Every line of the data below is to be duplicated exactly, pictures excepted.

* [SOURCE MATERIAL]:
**********

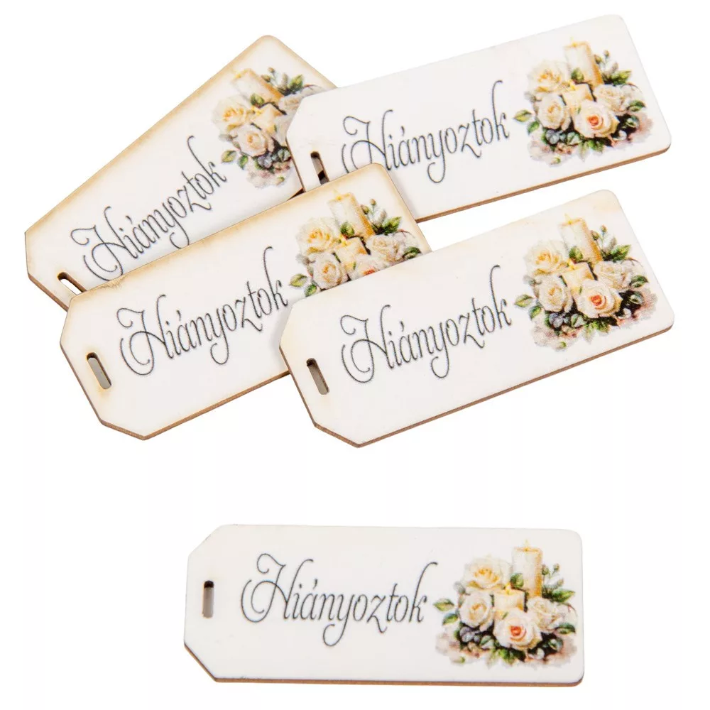 Nyomtatott scrapbook dekorkarton Hiányoztok felirattal 5,5cm 5db-os
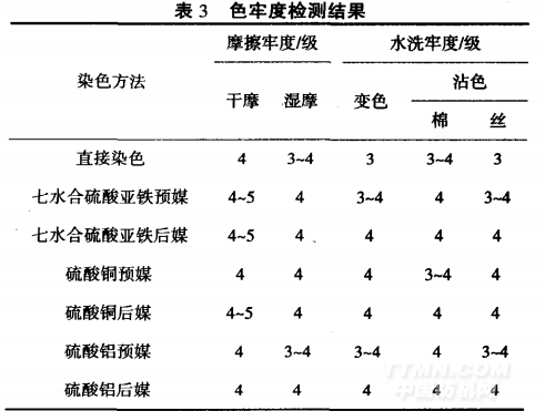由表3可知,青核桃皮色素染色柞蠶絲織物的耐水洗牢度及干、濕摩擦色牢度均≥3級,滿足服裝服用要求.預媒法染色比后媒法染色色牢度略差。但均比直接染色好.
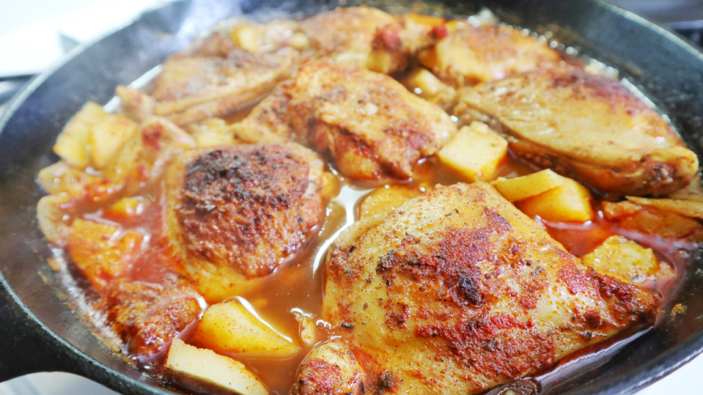 - In a large skillet (oven safe) or a dutch oven over medium heat add the oil and let the oil get hot. Add the chicken skin side down and sear on both sides. About 3 minutes per side or until nice and golden brown on both sides. They will continue to cook later in the oven.
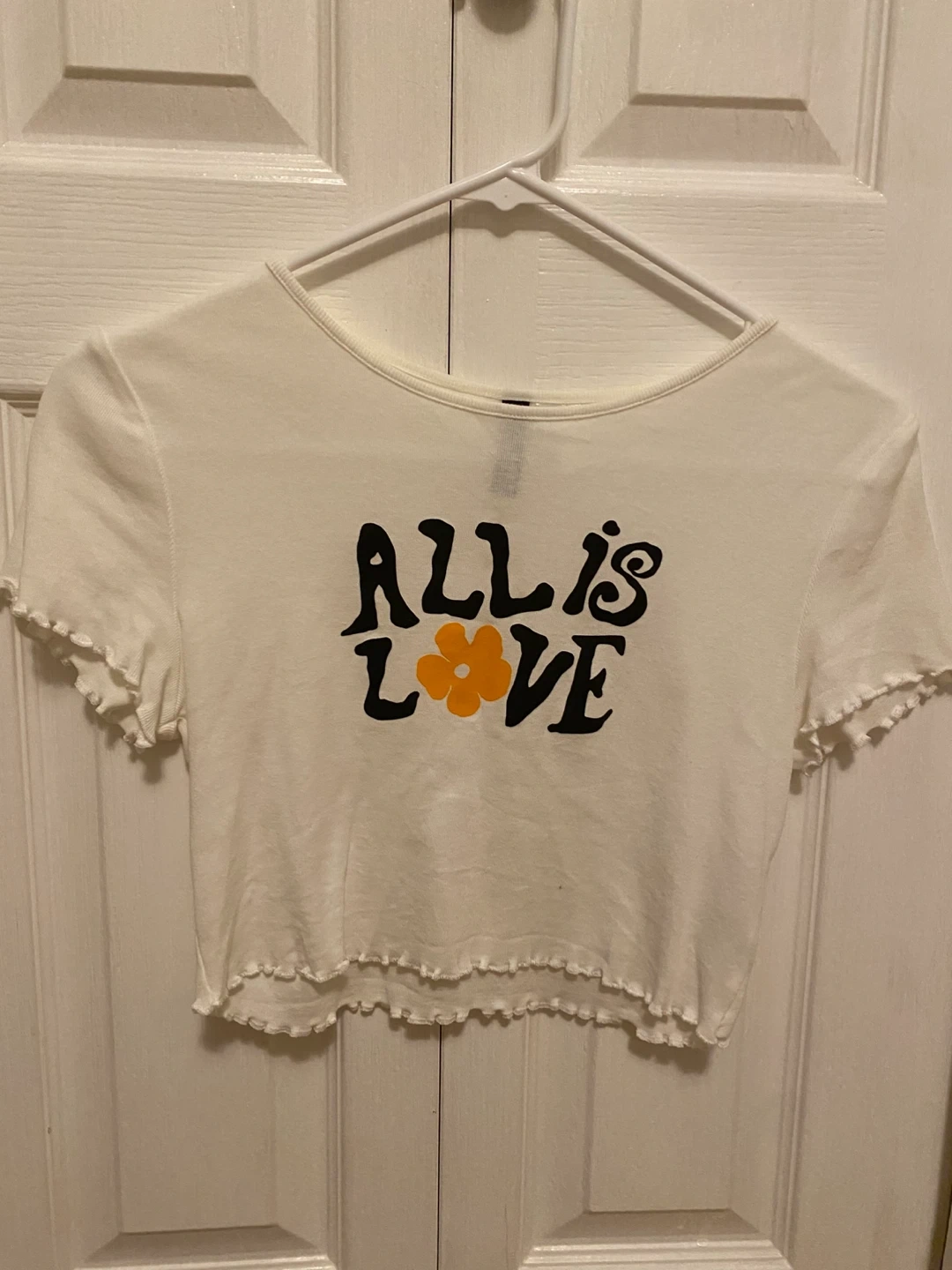 Cute H&M Divided white t-shirt with an "All is Love" graphic! It's a size small and in great condition

**********

* [ANSWER BOX]:
 Nyomtatott scrapbook dekorkarton Hiányoztok felirattal 5,5cm 5db-os
由表3可知,青核桃皮色素染色柞蠶絲織物的耐水洗牢度及干、濕摩擦色牢度均≥3級,滿足服裝服用要求.預媒法染色比后媒法染色色牢度略差。但均比直接染色好.
 - In a large skillet (oven safe) or a dutch oven over medium heat add the oil and let the oil get hot. Add the chicken skin side down and sear on both sides. About 3 minutes per side or until nice and golden brown on both sides. They will continue to cook later in the oven.
 Cute H&M Divided white t-shirt with an "All is Love" graphic! It's a size small and in great condition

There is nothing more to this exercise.